It starts with simple tolerance of behaviours that may be seemingly trivial such as taking a piece of stationary home, reporting for work late or missing deadlines (which is a theft of time), accepting small gifts, etc. The recent prosecution of a Minister in Singapore demonstrates the serious commitment of their government to zero tolerance of even the slightest impropriety. After all, if people cannot be trusted to do the little things right, how can they be trusted with the big things.
China has been battling corruption for decades. This seems an everlasting battle, and in a poignant warning, President Xi Jinping said If you want to be an official, don’t try to get rich. If you want to get rich, don’t try to be an official (当官就不要发财发财就不要当官). The paramount leader must show it means business in its war against corruption, and that rigid obedience of law must prevail over flexible practices of relationships. Both the taker of bribes and the giver of bribes must be held equally accountable. The strong push for digitalization in China is to raise the transparency and auditability of transactions. That seems a good path to take. However, digitalization alone is not sufficient. Systems have to be integrated across silos to ensure information flow and equal enforcement. This has to apply across Ministries and agencies, and across federal and state levels.
The competency to investigate by the Malaysia Anti-Corruption Commission (MACC) and the competency to frame charges by the Deputy Public Prosecutor (DPP) has to happen in an atmosphere that is not affected by fear or favour, and that is free from political pressure. But at the same time, this power cannot be unbridled lest MACC becomes like the American FBI under Edgar Hoover who held a dossier on people of influence and was able to hold them at ransom. One way to avoid this, or at least limit that tendency, is for the Head of the Anti-corruption agency to be obliged to report to a Parliamentary Sub-committee. Within the agency, there is also a need for a function that investigates the investigators.

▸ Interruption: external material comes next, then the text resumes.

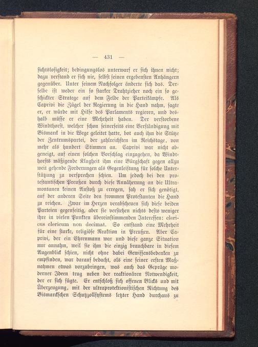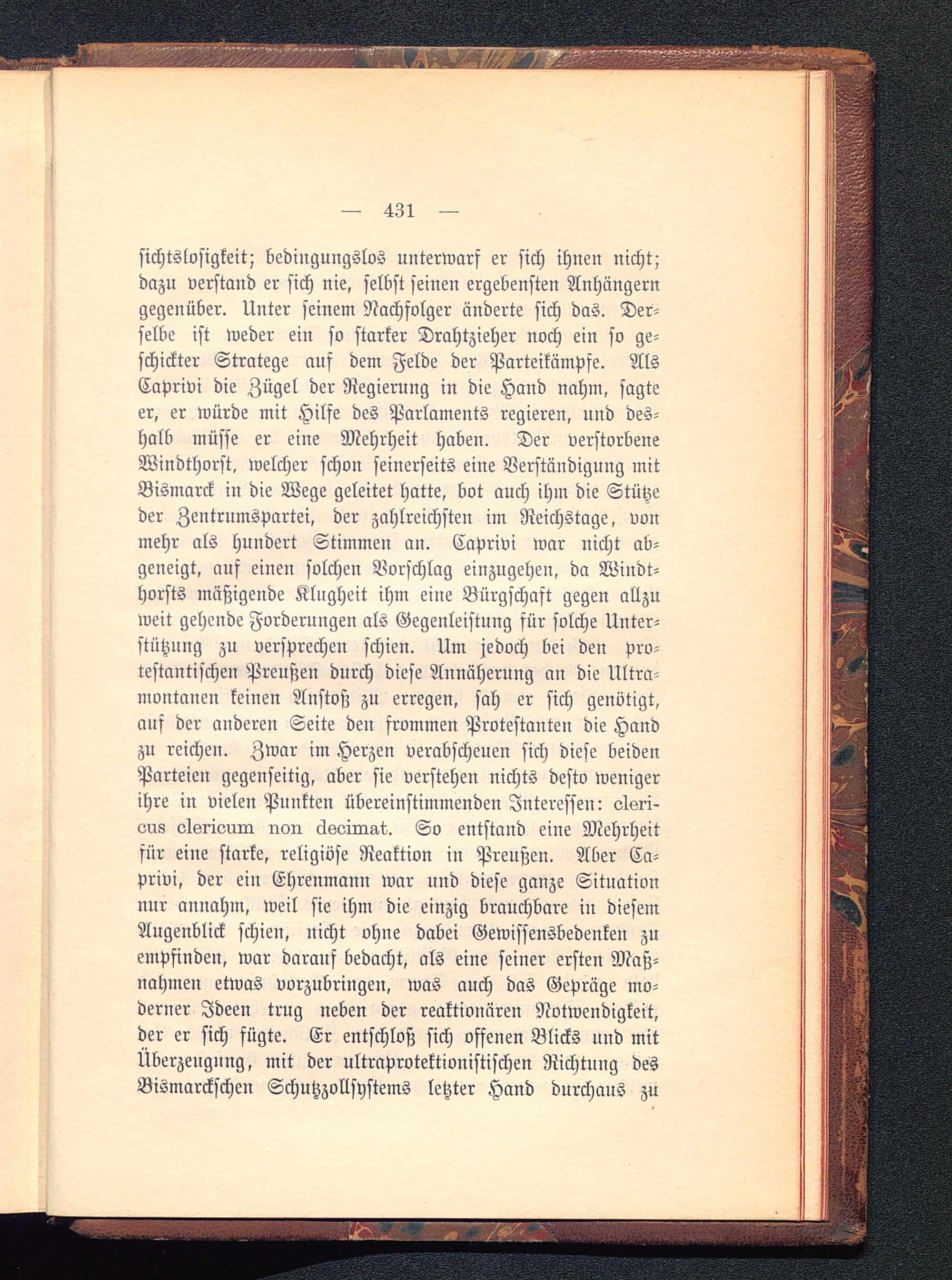 sichtslosigkeit; bedingungslos unterwarf er sich ihnen nicht;dazu verstand er sich nie, selbst seinen ergebensten Anhängerngegenüber. Unter seinem Nachfolger änderte sich das. Der-selbe ist weder ein so starker Drahtzieher noch ein so ge-schickter Stratege auf dem Felde der Parteikämpfe. AlsCaprivi die Zügel der Regierung in die Hand nahm, sagteer, er würde mit Hilfe des Parlaments regieren, und des-halb müsse er eine Mehrheit haben. Der verstorbeneWindthorst. welcher schon seinerseits eine Verständigung mitBismarck in die Wege geleitet hatte, bot auch ihm die Stützeder Zentrumspartei , der zahlreichsten im Reichstage, vonmehr als hundert Stimmeu an. Caprivi war nicht ab-geneigt, auf einen solchen Vorschlag einzugehen, da Windt-horsts mäßigende Klugheit ihm eine Bürgschaft gegen allzuweit gehende Forderungen als Gegenleistung für solche Unter-stützung zn versprechen schien. Um jedoch bei den pro-testantischen Preußen durch diese Annäherung an die Ultra-montanen keinen Anstoß zu erregen, sah er sich genötigt,auf der anderen Seite den frommen Protestanten die Handzu reichen. Zwar im Herzen verabscheuen sich diese beidenParteien gegenseitig, aber sie verstehen nichts desto wenigerihre in vielen Punkten übereinstimmenden Interessen: elsri-ous olsi-ivum non äkoirQat. So entstand eine Mehrheitsür eine starke, religiöse Reaktion in Preußen . Aber Ca-privi, der ein Ehrenmann war und diese ganze Situationnur annahm, weil sie ihm die einzig brauchbare iu diesemAugenblick schien, nicht ohne dabei Gewissensbedenken zuempfinden, war darauf bedacht, als eine seiner ersten Maß-nahmen etwas vorzubringen, was auch das Gepräge mo-derner Ideen trug neben der reaktionären Notwendigkeit,der er sich fügte. Er entschloß sich offenen Blicks und mitÜberzeugung, mit der ultraprotektionistischen Richtung desBismarckschen Schutzzollsystems letzter Hand durchaus zu

Transforming Malaysia Inc.
Where fighting inefficiency is concerned, there are many structural issues that need to be addressed. Firstly, the government needs to behave more like a multinational corporate (MNC) entity accountable to its shareholders, which in its case is the electorate. Increasing the salaries of the civil service is a good first step to enroll them on the change journey but it is vital that this be accompanied by a raising of the bar on recruitment and performance.